Wednesday, January 14, 2015

1st Trimester Confessions


So I am almost four weeks out of the first trimester, but better late than never, right? I am seriously growing more and more excited about this baby on a daily basis and its already crazy to me to look back and see the changes my body has made over the past seventeen weeks and even more so, how God is preparing my heart daily to become a mom. I am starting to plan the nursery and working on my baby registry, and with each of these fun milestones, I want to document and share so I have these memories to look back on.

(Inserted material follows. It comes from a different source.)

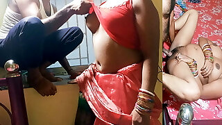 Super-fucking-hot maid wear Saree in front of her malik and deep-throats Salami and hard ASS FUCK in hindi audio

There's not a lot of pregnancy thoughts here on the blog because I kept it pretty quiet up til the end of the first trimester, so even just a few weeks after the second trimester has started, a lot of these things I wrote earlier have already changed so much which is crazy to me!




  • I found out I was pregnant just a few days after we came home from Hawaii, and on my second day of work at my new job. I remember being terrified, and wondering how I might make it through my entrance probation if I was sick and tired all the time. I doubted my decision to leave my old job, and part of me thought that had I known, I would've stayed there. But, now that I am finally feeling back to normal and have started to get the hang of my job and settle in there, I am so thankful I made the move!
  • During the last few weeks of my first trimester, I remember feeling like my body was foreign to me. I was in that awkward early, but not too early,stage of pregnancy where my stomach was barely starting to poke out and I was sure that strangers wonder to themselves "Is she pregnant or is that just a food baby?" My face was(is) also breaking out like crazy, and just didn't feel like myself physically. 
  • I have zero interest in cloth diapering. I know, I know its so much cheaper and more environmentally friendly, but the thought of tossing poop from a diaper into the toilet and then tossing a load of poop stained diapers into my washing machine daily makes my head want to explode. I want to be more motivated but I just can't. I am sorry, Mother Nature and hope you find it in your heart to forgive me. And cloth diapering moms-I commend you, and I really think you are a rockstar, and I may even wish I was more like you when I am dropping a small fortune on diapers every month and you had one upfront cost. But its just not going to happen for me.
  • I survived the entire first 12 weeks or so on carbs. Carbs carbs carbs. I was suddenly turned off by meat and eggs and coffee, and just wanted french fries and pasta daily. I still actually am not drinking coffee and I am not sure if it still makes me sick, or if I just am scared that it will so I am still avoiding it.  
  • I worked out exactly one time in my first twelve weeks and that was a 5k that I was signed up to run long before I knew I was pregnant. I just could not find the energy. I know I should be getting at least some form of exercise and I know the benefits of working out while pregnant, but after working all day, the only thing I want to do is put on my flannel pjs and take a nap.
  • And nap is what I did, almost every single day after work. I came straight home and crawled into bed and my husband being the saint he is took over meal planning and prepping and fed me, often times delivering food to my bed where I'd stay all night.
  • The baby message boards are a lot like a car accident-so terrible, I can't look away. The baby center app I am using to track baby's growth has things called birth clubs and you put in your due date and all women due in that month post all day long things from : I'm so sick and miserable help to Why am I not sick, am I still pregnant? And let me tell you: never once have I learned any valuable or helpful information but I cannot.stay.away. Honestly, all the baby boards have done for me is A. Create an insane amount of anxiety about the state of my pregnancy and B. Give me something to read aloud to my husband because its just so insane I can't not share. So, I will tell you what my wise friend Lisa told me, and I promptly ignored: Stay away from the baby boards.
  • I still drink caffeine. GASP! My doctor told me I can have up to 200 mg's of caffeine per day and by golly, I am taking advantage of that. I mostly get it from coke, which again, people are generally horrified by regularly but I can't do coffee and this mama to be wakes up at 5:30 to work people. Caffeine is happening.